For every finite subset $A $ of $\mathbb C[[X]]$, does there exist a ring automorphism (bijective ring endomorphism ) $f$ of $\mathbb C[[X]]$ such that $f(a)=a, \forall a \in A$ but $f(\mathbb C[X]) \ne \mathbb C[X]$ ?
Related Are $\mathbb C$ , $\mathbb C[X]$ definable in $\mathbb C[[X]]$? because if $D \subseteq M$ is definable by a set $A \subseteq M$ then $f(D)=D, \forall f \in Aut_A M$ , and in the related case we mean definable by some finite subset of $M$.
I can't answer this question, but I can reduce it to your other question.

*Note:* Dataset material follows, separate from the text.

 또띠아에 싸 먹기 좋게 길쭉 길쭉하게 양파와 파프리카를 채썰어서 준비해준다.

Claim: The following are equivalent.
There exists a finite set $A\subseteq \mathbb{C}[[X]]$ such that every automorphism of $\mathbb{C}[[X]]$ which fixes $A$ pointwise fixes $\mathbb{C}$ setwise.

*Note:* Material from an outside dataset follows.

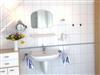 Ein Fön und beleuchteter Kosmetikspiegel sorgt für zusätzlichen Komfort.
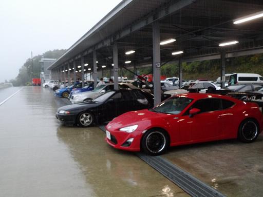 富士スピードウェイ・ショートコースでサーキット用の車高調のテストを行ってきました。 本当は走りなれているTC1000あたりで行ったほうがデータを集め易いのですが、お客さんからのお誘いというのと、「早くサーキット用の車高調を!!」というお客さんからのプレッシャーもあり、富士ショートでのテストとなりましたよ。 ところが、品行方正な私が参加ということで・・・朝から土砂降りです。。。(苦笑)

There exists a finite set $B\subseteq \mathbb{C}[[X]]$ such that every automorphism of $\mathbb{C}[[X]]$ which fixes $B$ pointwise fixes $\mathbb{C}[X]$ setwise.

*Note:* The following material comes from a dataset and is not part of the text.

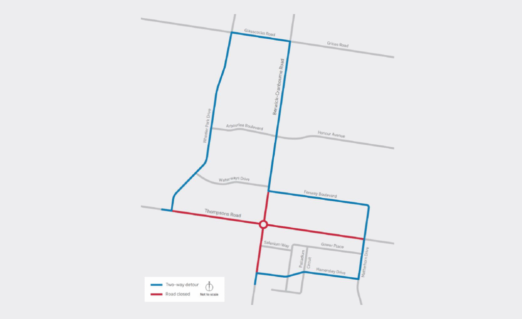 Residents can still access their properties via Thompsons Road or Berwick-Cranbourne Road. Plan for an additional 10 minutes travel time locally and advise visitors from outside the area to allow an extra 30 minutes. Pedestrians will be directed via Matterhorn Drive until the upgrade is complete.

Proof: (1)$\implies$(2). Let $B = A\cup \{X\}$. Then for any automorphism $f$ which fixes $B$ pointwise, $f$ fixes $\mathbb{C}$ setwise and $f(X) = X$, so for any $a_nX^n+\dots+a_1X + a_0\in \mathbb{C}[X]$, $$f(a_nX^n + \dots + a_1X + a_0) = f(a_n)X^n + \dots + f(a_1)X + f(a_0)\in \mathbb{C}[X].$$
(2)$\implies$(1). Let $A = B$. Then any automorphism $f$ which fixes $A$ pointwise fixes the subring $\mathbb{C}[X]$ setwise, so it restricts to an automorphism of $\mathbb{C}[X]$. In particular, it fixes $\mathbb{C} = 0\cup \mathbb{C}^\times$ setwise, since $\mathbb{C}^\times$ is the group of units of $\mathbb{C}[X]$.